Julia on Fugaku (2022-07-23)

Note: many links refer to internal documentation which is accessible only to Fugaku users.

Read the paper

Benchmarks present in this repository have been published in the paper Productivity meets Performance: Julia on A64FX, presented at the 2022 IEEE International Conference on Cluster Computing (CLUSTER22), as part of the Embracing Arm for High Performance Computing Workshop (pre-print available on arXiv: 2207.12762). See the CITATION.bib file for a BibTeX entry to cite the paper.

Storage

Before doing anything on Fugaku, be aware that there are tight limits on the size of (20 GiB) and the number of inodes in (200k) your home directory. If you use many Julia Pkg artifacts, it's very likely you'll hit these limits. You'll notice that you hit the limit because any disk I/O operation will result in a Disk quota exceeded error like this:

console [user@fn01sv03 ~]$ touch foo touch: cannot touch 'foo': Disk quota exceeded

You can check the quota of your home directory with accountd for the size, and accountd -i for the number of inodes.

Using the data directory

In order to avoid clogging up the home directory you may want to move the Julia depot to the data directory:

sh DATADIR="/data/<YOUR GROUP>/${USER}" export JULIA_DEPOT_PATH="${DATADIR}/julia-depot"

Interactive usage

The login nodes you access via login.fugaku.r-ccs.riken.jp (connection instructions) have Cascade Lake CPUs, so they aren't much useful if you want to run an aarch64 Julia.
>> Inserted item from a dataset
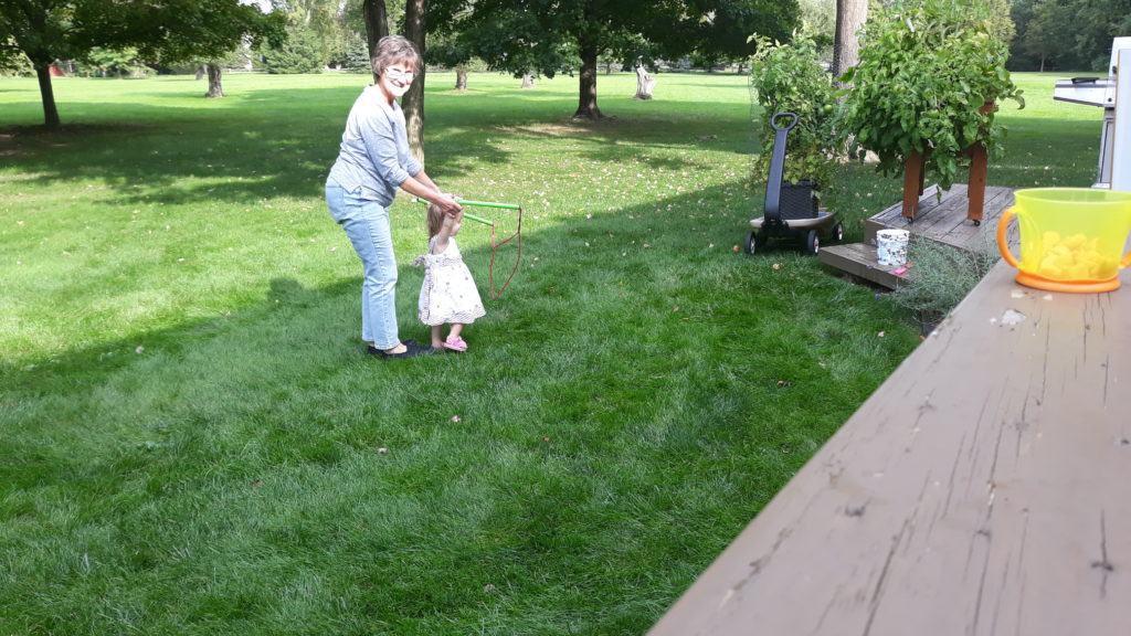 Then we went to my parents’ house for dinner. My mom bought one of those big bubble wand things, and my girls had a blast!

You can submit jobs to the queue to run Julia code on the A64FX compute nodes, but this can be cumbersone if you need quick feedback during development or debugging. You can also request an interactive node, for example with:

pjsub --interact -L "node=1" -L "rscgrp=int" -L "elapse=30:00" --sparam "wait-time=600" --mpi "max-proc-per-node=4"

Available software

Fugaku uses the Spack package manager. For more information about how to use it, see the Fugaku Spack User Guide.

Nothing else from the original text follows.